Measuring many of the student objectives were difficult due to the lack of quantitative results.  Measuring the student objects were completed by monitoring their milestone accomplishments and assessing their final podcast production; to create a unified measuring tool, an assessment guide was created for teachers to evaluate the students’ progress.  Another tool designed to assess the student objectives included a comparison analysis between student pre-tests and post-test results to measure a student’s academic growth.  To continue to improve the motivational and content components, students were also distributed student surveys to complete; the surveys that have been completed have been analyzed.  Once a greater number of surveys are returned, revisions to the program may be deemed necessary.  The final analysis will be to compare state standardized testing results of those students who participated in the program to those who did not; this is a critical assessment in terms of receiving future funding, however due to the time constraints, this analysis has not been completed.

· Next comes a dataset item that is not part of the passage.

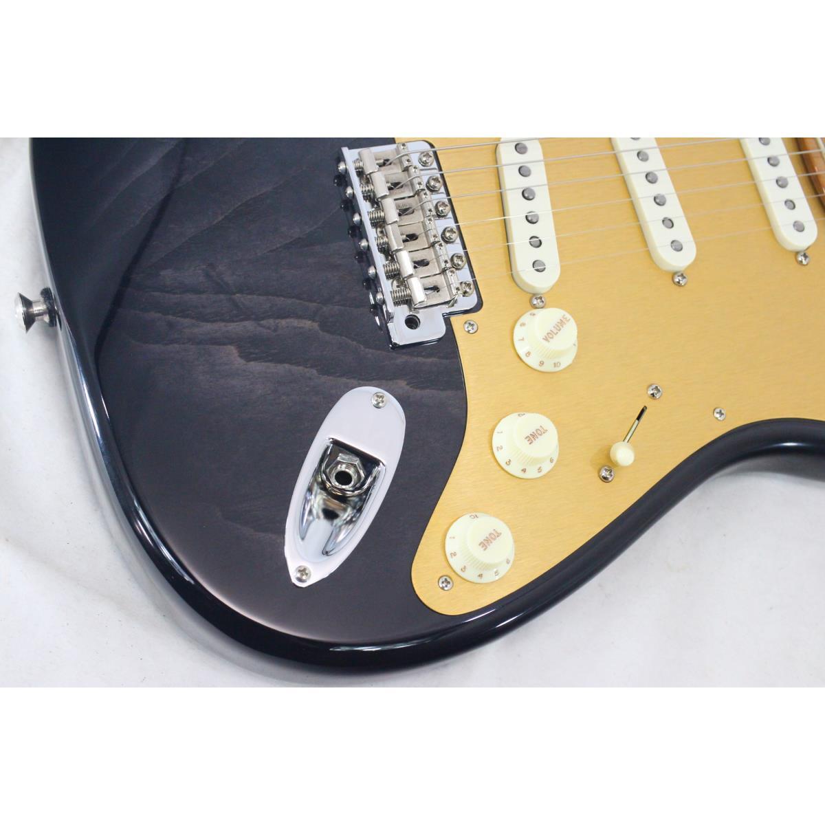 2024年製『ヴィンテージ』と『モダン』を高い次元で融合させたカスタムショップモデル、『American Custom Stratocaster』が入荷いたしました!ネック、ボディー共に56ストラトがベースでありながら、アッシュ材の木目と『Ebony Transparent』カラーが醸し出す妖艶な雰囲気が特徴的な一本。2Aグレードのバーズアイ・メイプルネックと、アノダイズド・ピックガードがその美しさを引き立てます。使用感は少なく、非常に良好なコンディションです。ぜひこの機会にお買い求めください!

To successfully evaluate the first two objectives, they will need to be redefined with quantitative elements; these original program objectives were broad as a result of an experimental program with no model to follow.  As the pilot program comes to an end, the results of the teacher surveys and visitor surveys will assist in providing a foundation to better redefine the objectives.  Objectives that will require redefining include grant funding needs; this can be better determined once an accurate assessment of cost per class has been completed.  Another objective that requires redefining is the desired number of participating schools both in short term and long term; there are a number of components that will influence this objective including the Ocean Institute’s ability to accommodate schools throughout the program, professional development needs, and budget needs for both schools and the Ocean Institute.  Finally, the professional development seminars contain their own set of objectives, but will not be addressed within this report to prevent tangents.

It should be noted that the each of the evaluations noted above will be an ongoing and continuing process to ensure the program is of the highest quality.  Continuing assessments are also critical due to the frequent updates and changes in technology which will need to be addressed when it becomes an identified issue; the hope is that the surveys will address such issues.